Without another word Arran sped away up the mountainside to the cemetery of the weathermasters, and there were many who followed after.
The grave was breached. From amongst the thorny briars the coffin was raised. They carried it to the gracious reflectory that stood nearby, surrounded by its lustrous water-pools mirroring the mountains and sky, and placed it upon a catafalque of green-veined marble. Then Arran Maelstronnar commanded everyone to leave him alone with the casket while he opened it, and so harsh was he, and so dangerous, that all acquiesced, but Avalloc kept guard just outside the door, and Agnellus with him, and the child Astăriel was enfolded in the protection of others who held her dear.

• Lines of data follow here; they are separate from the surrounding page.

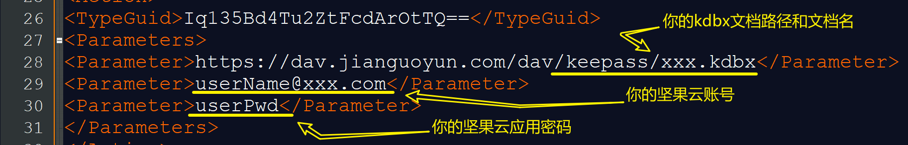 <Parameter>https://dav.jianguoyun.com/dav/keepass/xxx.kdbx</Parameter>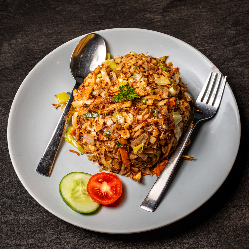 A bold fusion of Indonesian classic and Sri Lankan spice—this fried rice dish is packed with flavor and fire! A spicy, satisfying meal that brings the street flavors of Colombo and Jakarta together on one plate.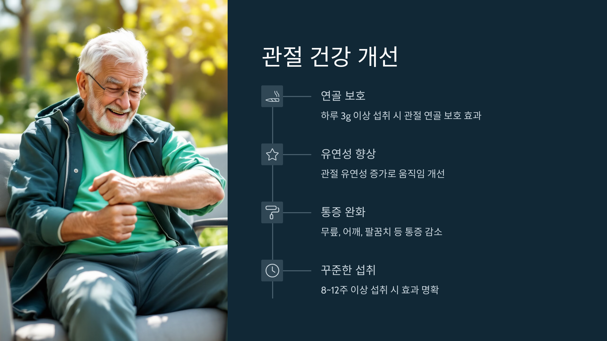 특히 하루 3g 이상 섭취 시 관절 내 연골 보호, 유연성 향상, 통증 완화에 긍정적인 효과를 나타낸다는 연구 결과가 있습니다.

There was not a sound outside or inside the reflectory. It seemed as if even the wind had ceased to blow. Those who waited heard the sound of the lid’s clasps being snapped back. They heard the creak of the soil-clogged hinges as the cover was raised, and then a very long silence ensued.

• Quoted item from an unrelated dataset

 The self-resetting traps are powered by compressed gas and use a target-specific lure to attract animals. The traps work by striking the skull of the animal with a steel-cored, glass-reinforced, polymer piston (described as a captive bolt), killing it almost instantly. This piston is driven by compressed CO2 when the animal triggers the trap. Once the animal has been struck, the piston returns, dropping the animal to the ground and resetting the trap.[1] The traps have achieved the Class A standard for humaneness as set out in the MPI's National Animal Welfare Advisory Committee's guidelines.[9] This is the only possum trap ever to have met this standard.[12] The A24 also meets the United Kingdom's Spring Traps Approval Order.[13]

At last, when no one could endure it any longer, Avalloc made to enter the building, but he stopped abruptly and reeled back, as if he had run into an invisible barrier, for from the interior came a keening, a song like weeping, wordless, high, and almost inhuman.
Then the Storm Lord threw back the door and entered, while the rest of them followed at his back.
This is what they saw within.
Atop the plinth of jade-streaked marble the coffin remained, the lid cast aside. Beside it sat Arran, and in his arms he cradled the pristine, flawless body of his wife. Her black hair was spilling like ink-drawn lines across the ash-gray folds of his doublet.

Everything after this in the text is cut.